(This is a guest post featuring a fellow Filipino, a man who has taught me to always be proud of who I am as a woman, as a Filipino, as a citizen of the world. I thought this was an important post to share as there is just too much negativity about my country, the Philippines. I am not naive. I see the wrong that is going on in my country. I see the social and political ills that continue to drag us down decades after we have declared independence from oppressive rules of both foreign and local governments. I see the mental shackles that keep us from moving forward as a nation, a people. Still, I am proud of my country and my heritage. I am proud of my people. I am proud of my father for feeling the same.)
Why is it critical to have positive thoughts about our country? I reflected on this post by a young Pinoy.
In the context of the coming Holy Week, I also asked: Why do we Pinoys indulge in self-flagellation?
In 1978, I was chosen to be one of the JICA Scholars for Electrical Steel Engineering, in Nagoya, Japan.
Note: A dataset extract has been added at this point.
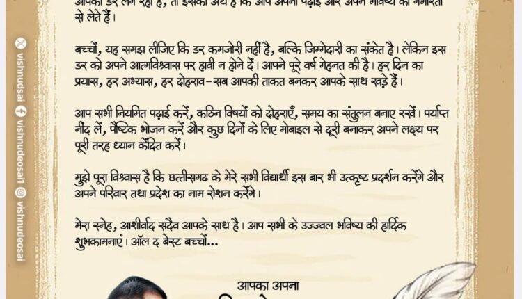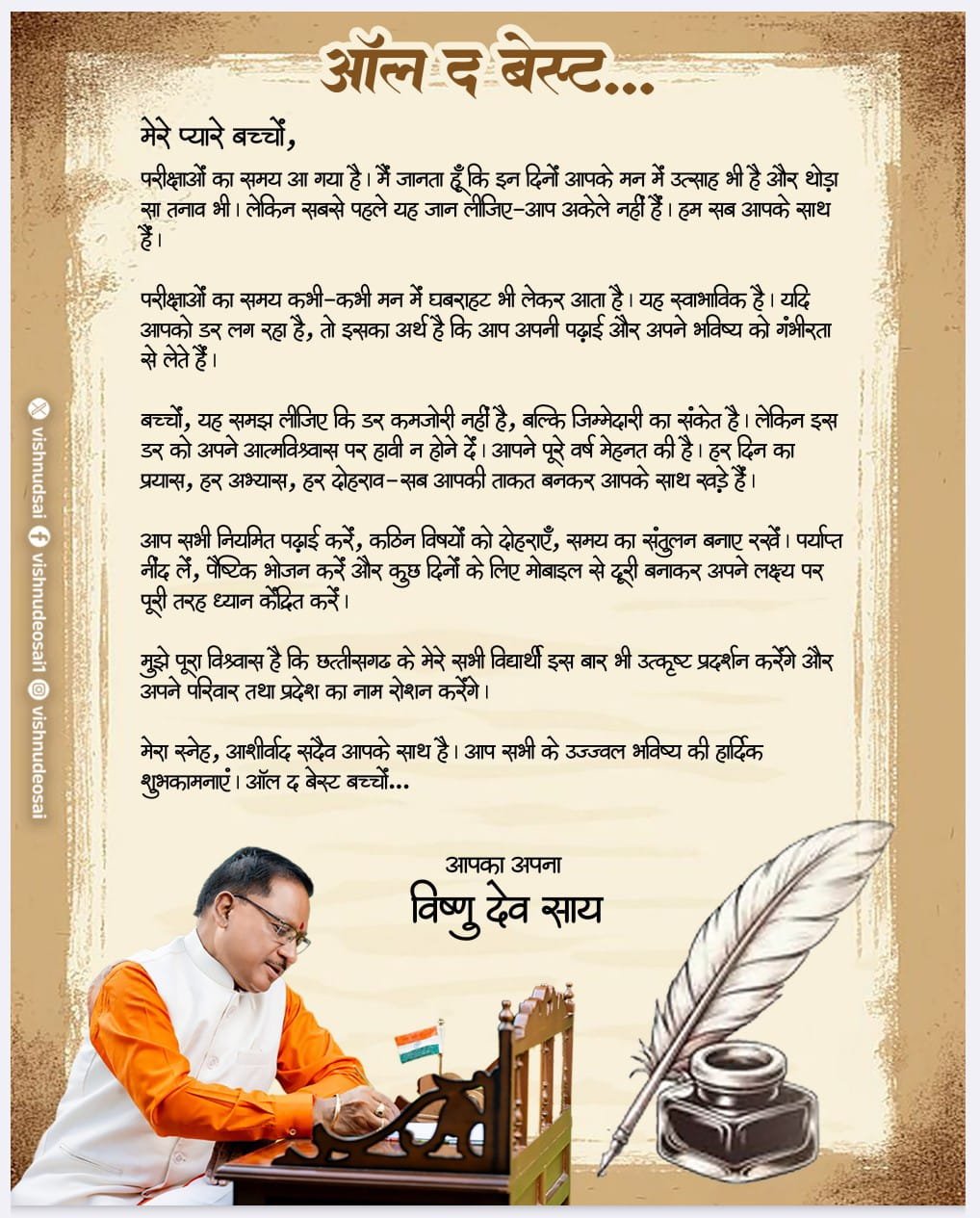 रायपुर / मुख्यमंत्री विष्णु देव साय ने विद्यार्थियों को शुभकामनाएँ देते हुए कहा — “ऑल द बेस्ट, प्यारे बच्चों।”

But before National Economic Development Authority (NEDA) could approve the grant, all JICA scholars had to undergo a deep immersion seminar at the University of the Philippines. NEDA insisted on this because Pinoys, based on their experience, feel small and unimportant when associating with their counterparts abroad.
I recall it was the late Prof. Jocano, foremost anthropologist, who stirred my feelings of pride and glory about my country, the Philippines. “The mummies of Mountain Province are evidence of the advanced state of knowledge in organic/inorganic chemistry, concepts of the soul and afterlife, community organization, etc. How come only the Egyptian mummies are mentioned in history? We have such an advanced civilization, like Egypt!”
Years later, National Geographic featured the mummies that Prof Jocano lectured about.There were others we learned: our own alphabet, our seafaring ancestors and maritime skills, etc.
Back to Japan in 1978. Did I feel small and intimidated when grouped with trainees from Turkey, Iran, and Thailand among others? We have our own ADVANCED CIVILIZATION, was what I reminded myself. I stood TALL, in spite of my height. I spoke the best English and I showed my command of carbon-iron metallurgical theory.
When our Japanese lecturer mentioned Turkdogan, the Turkish delegate bragged to us that Turkdogan was a Turkish icon. What did the Philippines contribute to steelmaking? I HAD NO ANSWER, but I did not feel small. We have an advanced civilization, remember?
Never again would I look down on my country, on our country! Never again!
(Daniel T. Saracin was a National State Scholar of the Philippine government for the degree of Chemical Engineering. He finished his MBA at the Asian Institute of Management.)